Back to LanguageTool Homepage - Privacy - Imprint

How to add a new dictionary


(Kapil) #1

Hi,

How do I add a new dictionary to my existing LT installation (java based)? For example, I would like to use a new medical dictionary(English US) but I do not want to override the existing English dictionary.

Similarly lets say I have a dictionary for a language which is yet not supported by LT and I would like to use it for spell checking only(no grammar check).
Do I need to clone the LT source and build the whole project?

Thanks

Kapil


(Daniel Naber) #2

You can add your words to org/languagetool/resource/en/added.txt (for English, for other languages use their code instead of en).


(Kapil) #3

Hi Daniel,

I want to add a new language and followed this link and implemented java files.
I have a hunspell dictionary in .dic format, which I tried to convert into .dict format using the SpellDictionaryBuilder.
Am receiving following output after running the command

The input starts with UTF-8 BOM bytes which is most likely not what you want. Use header-less UTF-8 file or override with --accept-bom.

Done. The binary dictionary has been written to C:\Users\kagupta\Downloads\output.dict

Though no file is generated


(Ruud Baars) #4

You could also just try to use unmuch from the hunspell tools. For most simple dictionaries, this works well enough.


(Kapil) #5

I was able to generate the dict file by saving the dic file with proper encoding.
However when I try to create instance of LanguageTool with my language, it is throwing error that grammar.xml file is not available.
I have specified only one rule for spellcheck and do not wish to check grammar.

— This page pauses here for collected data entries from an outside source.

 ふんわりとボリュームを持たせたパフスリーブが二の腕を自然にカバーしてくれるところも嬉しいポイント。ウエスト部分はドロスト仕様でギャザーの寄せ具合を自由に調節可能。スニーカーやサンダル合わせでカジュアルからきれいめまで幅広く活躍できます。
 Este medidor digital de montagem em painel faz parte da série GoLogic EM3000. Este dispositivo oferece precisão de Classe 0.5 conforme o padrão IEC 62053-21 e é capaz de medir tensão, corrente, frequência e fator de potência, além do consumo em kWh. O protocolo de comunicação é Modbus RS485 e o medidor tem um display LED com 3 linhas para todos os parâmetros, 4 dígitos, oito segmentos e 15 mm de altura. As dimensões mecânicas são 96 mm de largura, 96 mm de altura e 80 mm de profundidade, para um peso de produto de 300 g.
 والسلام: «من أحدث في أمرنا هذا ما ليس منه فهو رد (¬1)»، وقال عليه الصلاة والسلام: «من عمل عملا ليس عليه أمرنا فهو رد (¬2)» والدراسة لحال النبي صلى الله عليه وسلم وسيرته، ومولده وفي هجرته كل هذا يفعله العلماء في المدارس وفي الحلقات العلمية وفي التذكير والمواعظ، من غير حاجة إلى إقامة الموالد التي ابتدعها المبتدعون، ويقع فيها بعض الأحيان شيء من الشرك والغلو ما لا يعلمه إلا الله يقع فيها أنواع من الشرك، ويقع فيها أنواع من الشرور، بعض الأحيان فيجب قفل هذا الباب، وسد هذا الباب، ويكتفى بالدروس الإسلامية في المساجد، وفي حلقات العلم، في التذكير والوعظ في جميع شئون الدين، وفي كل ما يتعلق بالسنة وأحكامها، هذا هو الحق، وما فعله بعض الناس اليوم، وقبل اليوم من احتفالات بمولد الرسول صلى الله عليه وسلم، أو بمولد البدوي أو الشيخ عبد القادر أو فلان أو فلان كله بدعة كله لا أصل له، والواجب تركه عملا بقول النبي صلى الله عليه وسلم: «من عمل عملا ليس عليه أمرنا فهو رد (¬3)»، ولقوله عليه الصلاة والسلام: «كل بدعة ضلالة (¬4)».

Is it mandatory to specify grammar.xml file though I do not see it in some of the supported languages


(Kapil) #6

I put an empty grammar.xml file to prevent this error and continue with spell checking only.
But am not getting misspelled words even though there are spelling errors in my text string.

Any idea what is wrong with my setup?

Thanks

Kapil


(Daniel Naber) #7

That’s hard to tell without further information. Have you used a debugger to step through the code?


(Kapil) #8

Hi Daniel,

I am not building LT’s source code along with my language specific project as we do not wish to build LT just for adding a new dictionary (later on) for spell checking only. I was hoping to add LT’s compiled output in classpath and adding my own Language and SpellCheckRule implementation.
Though LT is showing my new language in list of available languages but somehow the spell checking is not working.

It is mandatory to build the whole source code to add a new language even for just spell checking?

Thanks

Kapil


(Daniel Naber) #9

I see - but if you attach the source, your IDE should still be able to debug your code as well as LT’s code.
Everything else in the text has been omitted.